Protection challenges

Caves lack charismatic appeal for park designation yet hold entire species. Myanmar political instability complicates Myanmar bat surveys. Thailand protects some roosts but limestone mining continues regionally. Bat research requires specialist mist-netting and acoustic surveys — expensive per species.

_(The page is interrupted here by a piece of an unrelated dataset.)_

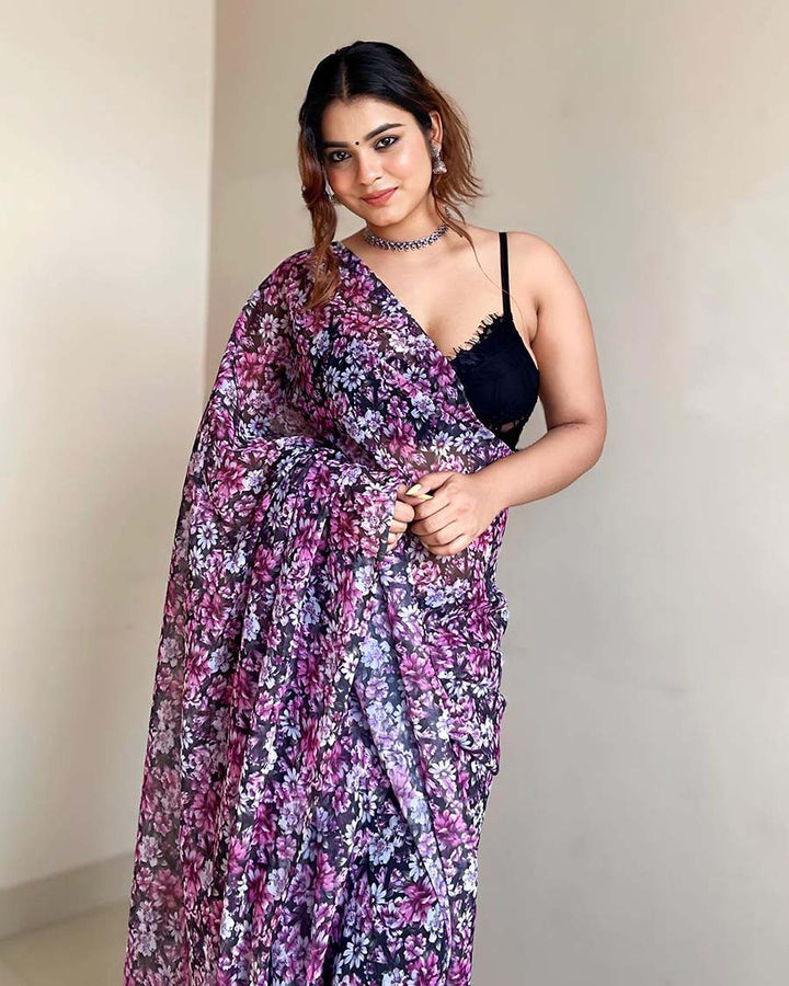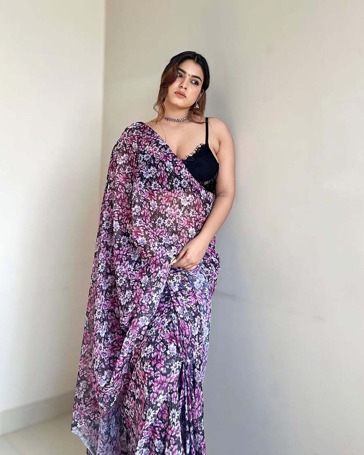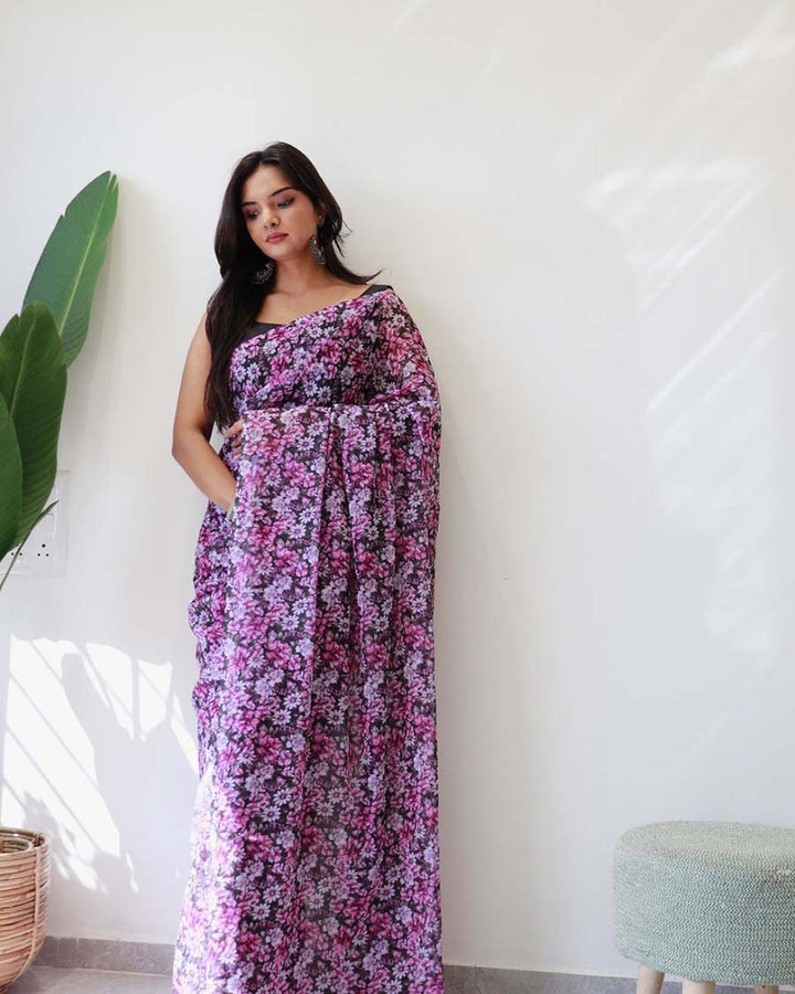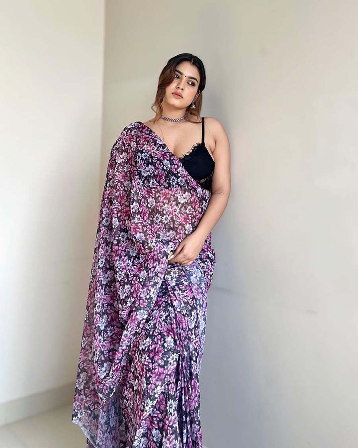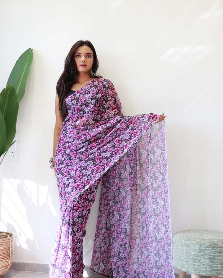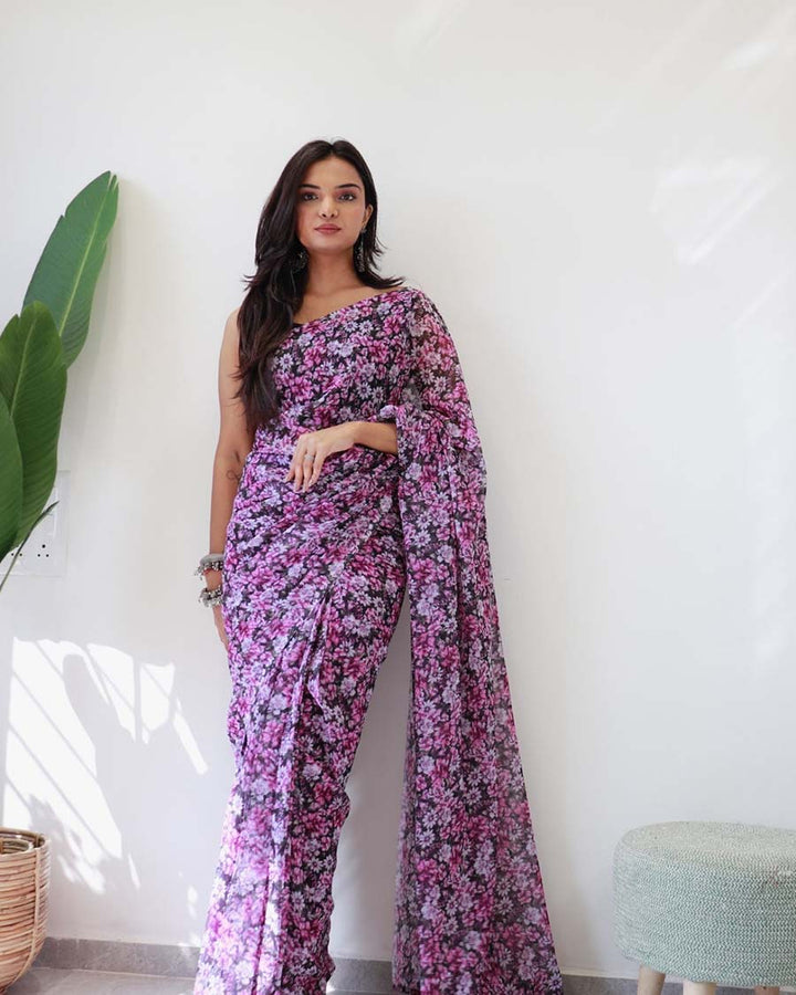 Light Purple Color 1-Minute Ready To Wear Georgette Saree With Blouse Piece

Documenting smallest mammals teaches that extinction risk scales with range and disturbance, not body size alone.

Frequently asked questions

What is the smallest mammal?

Kitti's hog-nosed bat (~2 g) — Etruscan shrew rivals by length.

Where does the bumblebee bat live?

Limestone caves in western Thailand and Myanmar.

Is the bumblebee bat endangered?

IUCN Vulnerable — cave disturbance and limited range.

Why do shrews eat so much?

Tiny size means huge energy demand — some must eat every few hours.

Are small mammals safe from extinction?

No — restricted ranges and habitat disturbance erase species quickly.

Is a mouse the smallest mammal?

No — many bats and shrews weigh less than common mice.